The term “Chesapeake” has been applied to a basic house form prevalent within the Western and Eastern Shore regions from the period of early settlement through the eighteenth century. In early Maryland it appeared as a one-story-and-loft frame dwelling of either one or two rooms, with a steeply pitched gable roof. Its design and construction were based upon English vernacular building traditions adapted to suit local conditions, both material and economic. It encompassed heavy timber framing joined by mortise and tenon, with a large chimney at one or both ends. The posts of the earliest dwellings were earthfast or “post in the ground” as at Sotterley. This modest dwelling form suited the region, rich in timber. The region was poor in skilled labor, however, and a simpler and more expediently built variation evolved with lighter framing members, with common rafters half-lapped and held by pegs or nails to a “false plate” resting on top of the joist ends, eliminating the need for complex mortise-and-tenon joinery. This simplified version was often referred to as the “Virginia House,” although it appeared throughout the Chesapeake region.
The plan generally consisted of a multipurpose “hall” adjoining a smaller and more private “parlor.” In most cases the rooms were arranged side by side, although some were placed back to back with a shared chimney, as at Maidstone. Space needs were supplemented by separate dependencies such as a kitchen, dairy, meat house, and slave house. Small individual buildings were more easily built, but the separation can also be attributed to factors such as climate and social segregation; heat generated by certain household functions were thus isolated, as were nonfamily members, particularly enslaved workers. The form likewise appeared in urban areas, embraced by the working classes in houses such as Hogshead into the nineteenth century.

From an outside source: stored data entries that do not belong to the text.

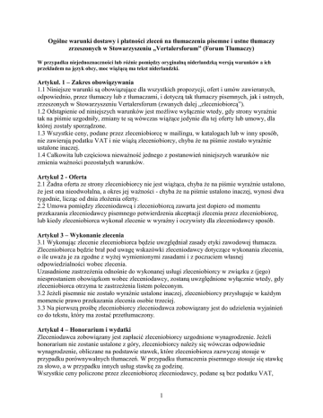 Ogólne warunki dostawy i płatności zleceń na tłumaczenia pisemne i ustne tłumaczy zrzeszonych w Stowarzyszeniu „Vertalersforum” (Forum Tłumaczy) W przypadku niejednoznaczności lub różnic pomiędzy oryginalną niderlandzką wersją warunków a ich przekładem na język obcy, moc wiążącą ma tekst niderlandzki. Artykuł. 1 – Zakres obowiązywania 1.1 Niniejsze warunki są obowiązujące dla wszystkich propozycji, ofert i umów zawieranych, odpowiednio, przez tłumaczy lub z tłumaczami, i dotyczą tak tłumaczy pisemnych, jak i ustnych, zrzeszonych w Stowarzyszeniu Vertalersforum (zwanych dalej „zleceniobiorcą”). 1.2 Odstąpienie od niniejszych warunków jest możliwe wyłącznie wtedy, gdy strony wyraźnie tak na piśmie uzgodniły, zmiany te są wówczas wiążące jedynie dla tej oferty lub umowy, dla której zostały sporządzone. 1.3 Wszystkie ceny, podane przez zleceniobiorcę w mailingu, w katalogach lub w inny sposób, nie zawierają podatku VAT i nie wiążą zleceniobiorcy, chyba że na piśmie zostało wyraźnie ustalone inaczej. 1.4 Całkowita lub częściowa nieważność jednego z postanowień niniejszych warunków nie zmienia ważności pozostałych warunków. Artykuł 2 - Oferta 2.1 Żadna oferta ze strony zleceniobiorcy nie jest wiążąca, chyba że na piśmie wyraźnie ustalono, że jest ona nieodwołalna, a okres jej ważności - chyba że na piśmie ustalono inaczej, wynosi dwa tygodnie, licząc od dnia złożenia oferty. 2.2 Umowa pomiędzy zleceniodawcą i zleceniobiorcą zawarta jest dopiero od momentu przekazania zleceniodawcy pisemnego potwierdzenia akceptacji zlecenia przez zleceniobiorcę, lub kiedy zleceniobiorca wykonał zlecenie w wyraźny i oczywisty dla zleceniodawcy sposób. Artykuł 3 – Wykonanie zlecenia 3.1 Wykonując zlecenie zleceniobiorca będzie uwzględniał zasady etyki zawodowej tłumacza. Zleceniobiorca będzie brał pod uwagę wskazówki zleceniodawcy dotyczące wykonania zlecenia, o ile uważa je za zgodne z wyżej wymienionymi zasadami i z poczuciem własnej odpowiedzialności wobec zlecenia. Uzasadnione zastrzeżenia odnośnie do wykonanej usługi zleceniobiorcy w związku z (jego) niesprostaniem obowiązkom wobec zleceniodawcy, zostaną uwzględnione wyłącznie wtedy, gdy zleceniobiorca otrzyma te zastrzeżenia listem poleconym. 3.2 Jeżeli pisemnie nie zostało wyraźnie ustalone inaczej, zleceniobiorcy przysługuje w każdym momencie prawo przekazania zlecenia osobie trzeciej. 3.3 Na pierwszą prośbę zleceniobiorcy zleceniodawca zobowiązany jest do udzielenia wyjaśnień co do tekstu, który ma zostać przetłumaczony. Artykuł 4 – Honorarium i wydatki Zleceniodawca zobowiązany jest zapłacić zleceniobiorcy uzgodnione wynagrodzenie. Jeżeli honorarium nie zostanie ustalone z góry, zleceniobiorcy należy się wówczas odpowiednie wynagrodzenie, obliczane na podstawie stawek, które zleceniobiorca zazwyczaj stosuje w przypadku porównywalnych tłumaczeń. W przypadku tłumaczenia pisemnego stosuje się stawkę za słowo, a w przypadku innych usług stawkę za godzinę. Wszystkie ceny policzone przez zleceniobiorcę zleceniodawcy, podane są bez podatku VAT, 1 chyba że wyraźnie ustalono inaczej. Oprócz wymienionych stawek zleceniobiorca realizując zlecenie ma prawo obciążyć zleceniodawcę faktycznymi kosztami własnymi, poniesionymi w związku z tą realizacją. Artykuł 5 – Terminy dostawy Terminy dostawy, ewentualnie wymienione w ofertach, potwierdzeniach zlecenia i umowach, określane są w miarę dokładnie i powinny zostać, o ile to możliwe dotrzymane, nie są jednak wiążące. Przekroczenie tych terminów, z jakichkolwiek powodów, nigdy nie uprawnia zleceniodawcy do odszkodowania, odstąpienia od umowy lub odroczenia jakiegokolwiek obowiązku, wynikającego dla zleceniodawcy z odnośnej umowy lub z jakiejkolwiek innej z nią powiązanej umowy, chyba że jest to trzykrotne przekroczenie terminu, przy uwzględnieniu minimum 10 dni roboczych i pod warunkiem, że przekroczenia terminu nie można częściowo lub całkowicie zarzucić zleceniodawcy. Za moment dostawy zlecenia uznaje się dzień wysłania przetłumaczonego tekstu w formie elektronicznej lub faksem lub pocztą. Artykuł 6 - Reklamacje Ewentualne reklamacje muszą być zgłoszone pisemnie w ciągu 8 dni roboczych po otrzymaniu przez zleceniodawcę wykonanego zlecenia. Reklamacja ze strony zleceniodawcy nie daje prawa do odroczenia obowiązku płatności wobec zleceniobiorcy. Artykuł 7 - Wynagrodzenie 7.1 Jeżeli wyraźnie nie ustalono inaczej na piśmie, każda zafakturowana kwota jest płatna w ciągu 30 dni kalendarzowych licząc od daty faktury, i winna być wpłacona bezpośrednio w biurze zleceniobiorcy lub w formie przelewu na rachunek bankowy lub giro, wskazany przez zleceniobiorcę, bez prawa do jakichkolwiek dodatkowych rozliczeń, niezależnie od powodu. Prawa autorskie do wykonanego tłumaczenia należą do zleceniobiorcy do chwili uiszczenia przez zleceniodawcę pełnej zapłaty tego, co jest on w całości winien zleceniobiorcy, włącznie z wliczonymi w to wyraźnie odsetkami i kosztami inkasa. Prawo zleceniodawcy do zgłoszenia roszczeń dotyczących rachunku upływa po 30 dniach od daty wystawienia faktury. 7.2 Jeżeli zleceniodawca nie uiści należności w uzgodnionym terminie, zostaje uznany na mocy prawa winnym zwłoki w zapłacie i zleceniobiorcy przysługuje prawo, bez konieczności powiadomienia o tym zleceniodawcy, doliczenia prawnych odsetek od należnej kwoty, powiększonych o 3%, naliczając od momentu przekroczenia dnia płatności. Ponadto wszystkie pozasądowe koszty (koszty komornika, koszty prawnego pełnomocnika i oczywiście wszelkie koszty pomocy prawnej), jak i wszelkie koszty sądowe, obciążają zleceniodawcę. Niezależnie od prawa zleceniobiorcy do odszkodowania za inne koszty, koszty pozasądowego inkasa wynoszą co najmniej 15% sumy głównej, należnej zleceniobiorcy od zleceniodawcy, p
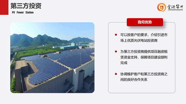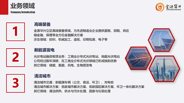 金源华兴立足于“碳中和”,以股东清洁能源、数字金融背景为依托,围绕新能源发电、高端装备制造、清洁城市建设、综合能源利用、教育等核心业务,通过一流的资源整合能力、多元化的产品体系和卓越服务,为客户提供金融与产业增值解决方案,构建“金融服务+供应链保障+产业运营”的清洁能源生态服务系统。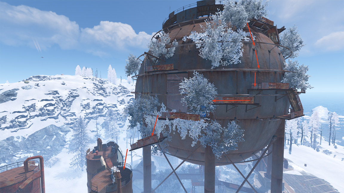 ドームの屋上に3箇所のディーゼル燃料の湧きポイントがあり、最大2つのディーゼル燃料が湧きます。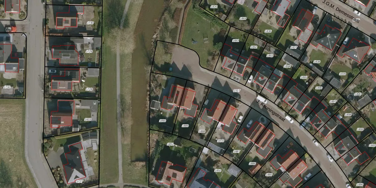 Het perceel waarop J. Keuningstraat 17 staat heeft een oppervlakte van 335 m². Dit is een groot perceel. De perceeloppervlakte wordt geregistreerd door het Kadaster. Gedetailleerde informatie over de maten van dit perceel kunt u vinden in het rapport Kadastrale kaart met maatvoering van J. Keuningstraat 17.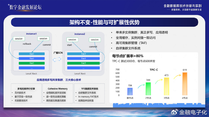 其次是做到“性能、可用可靠性两对等”。性能是支撑核心业务、影响替代成本的决定性因素。YashanDB创新性地采用细粒度多版本并发管理机制、自适应异步事务调度、全局资源运行时调度、去中心化事务管理等技术,突破分布式数据库硬件依赖瓶颈,在TPC-C基准测试中,其4节点集群性能达618万tpmC,单节点扩展比超70%,每秒可承载数千笔交易,满足大多数金融机构关键系统的业务处理要求。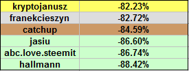@catchup spóźnił się ze zgłoszeniem, więc w głównym konkursie nie brałem jego wyników pod uwagę, ale ponieważ wspiął się na podium to otrzyma 5 STEEM.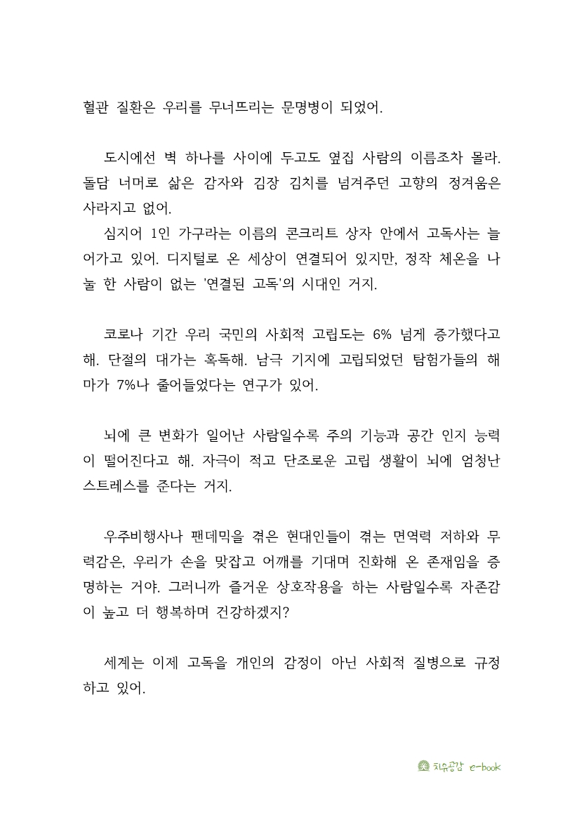 코로나 기간 우리 국민의 사회적 고립도는 6% 넘게 증가했다고 해. 단절의 대가는 혹독해. 남극 기지에 고립되었던 탐험가들의 해마가 7%나 줄어들었다는 연구가 있어.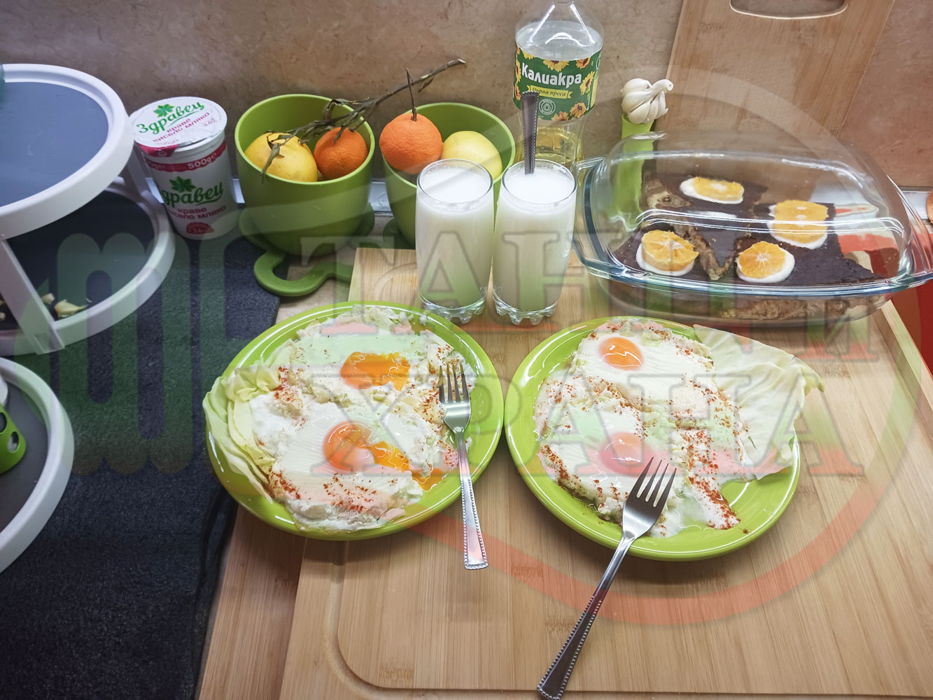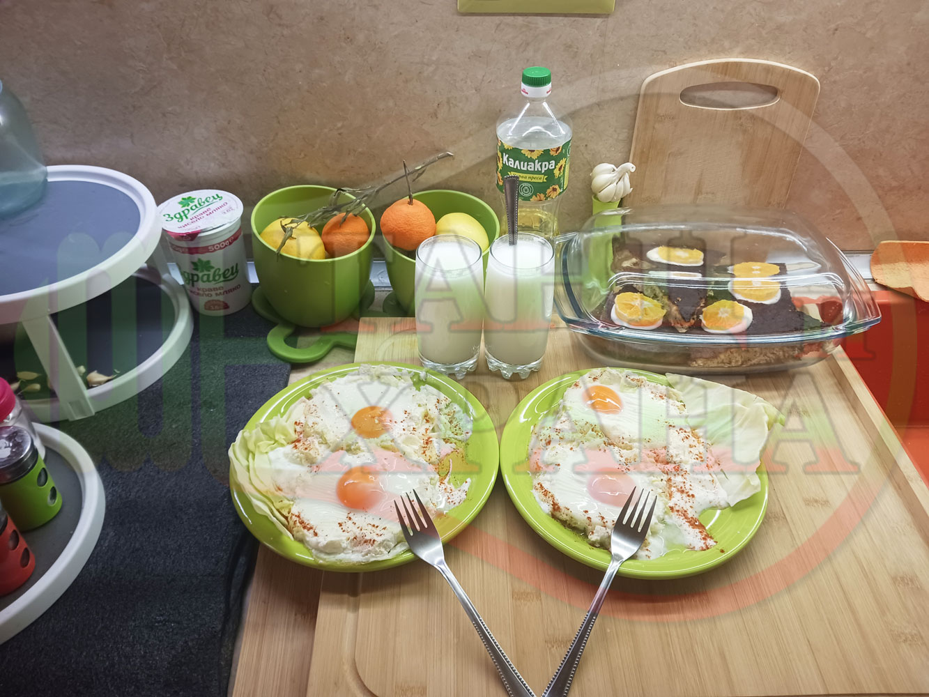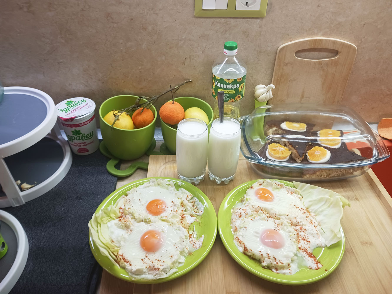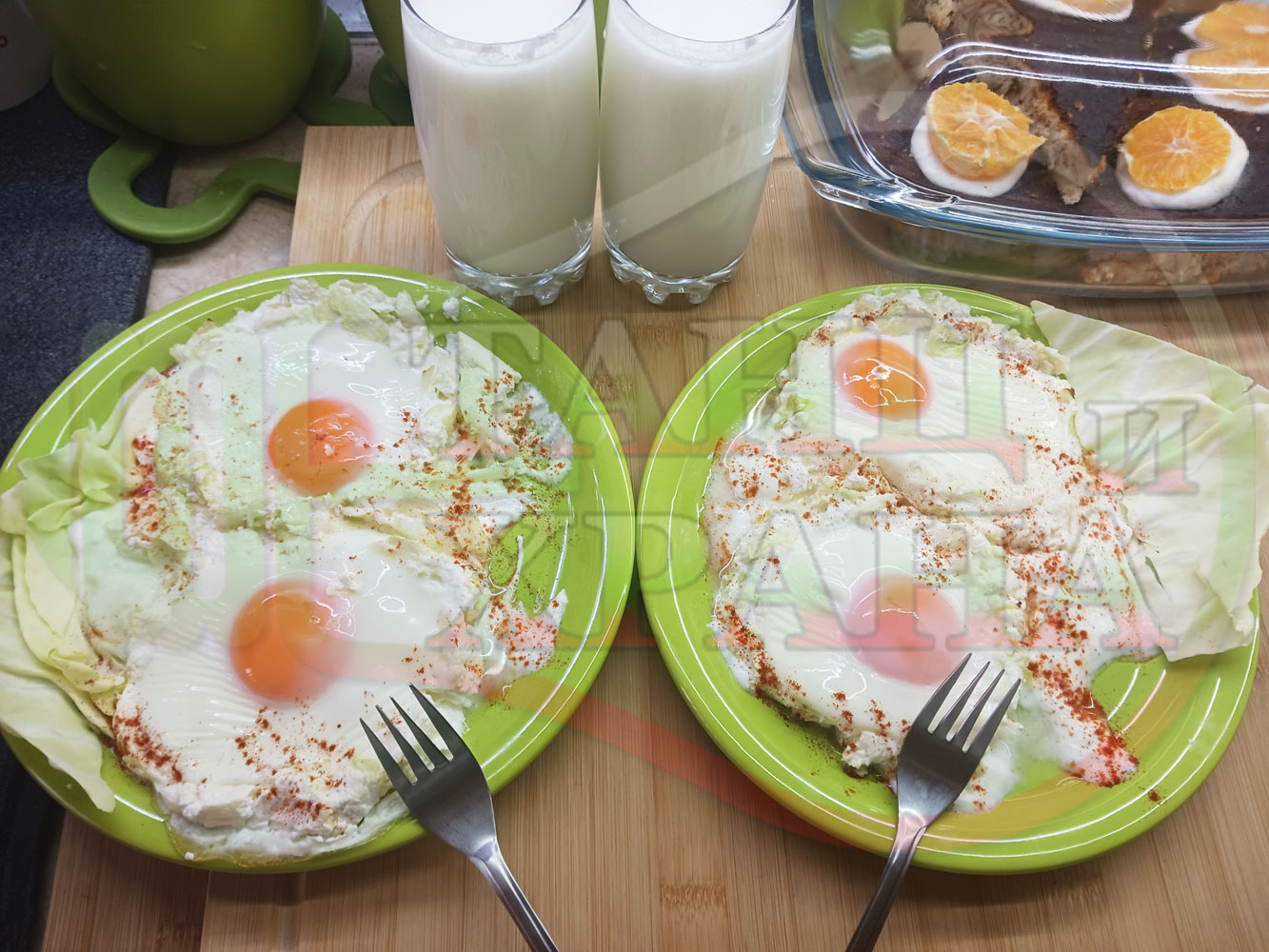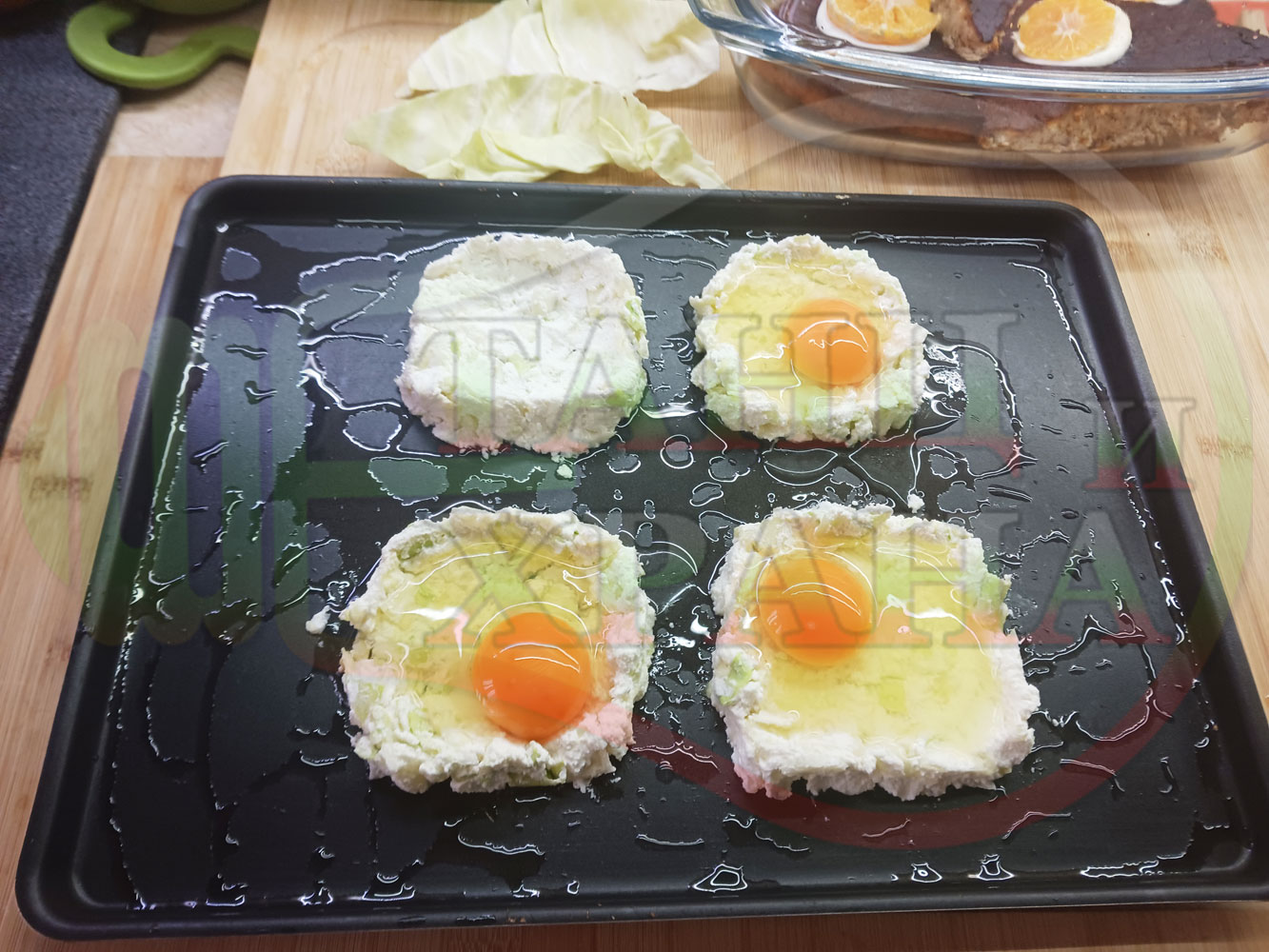 Спретнах изключително вкусна зеленчукова салата с яйца на очи приготвена със сиреново зелев крем с прясно зеле и българско краве бяло, саламурено сирене, запечена на фурна. Ммммм... в кухнята ухае на съвсем леко запечено българско сирене, разтопило се при запичането, усвоило соковете от запеченото прясно зеле и яйцата. При хапване се усеща леката хрупкавина на зелето в идеална хармония и баланс с млечната основа от българското кисело мляко и червения сладък пипер. Киселото мляко обединява, допълва и придава сочност на салатата в комбинация с разтичащия се жълтък от рохко запечените яйца. Получи се голяма вкусно, вкусна, вкусотия (вкуснотия)...laughing полезна и богата на протеини, минерали и микроелементи.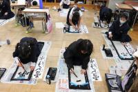 3年生以上は、書き初めの練習に入り、どこに気をつけて書いたらよいか、島﨑先生より教えていただきました。

The Chesapeake house eventually expanded to include a passage mediating between various public and private spaces. By the mid-eighteenth century a three-room-and-passage plan emerged, as at the Thomas houses Clifton and Cherry Grove, followed by a four-room-and-center-passage plan, as well as a gambrel-roofed variation and more permanent brick or stone construction such as Pemberton Hall. Separate kitchen buildings were sometimes later attached to the main block by a hyphen as at Wyoming. Having served many generations, the early Chesapeake house finally fell out of favor with the emergence of the Georgian mode of architecture.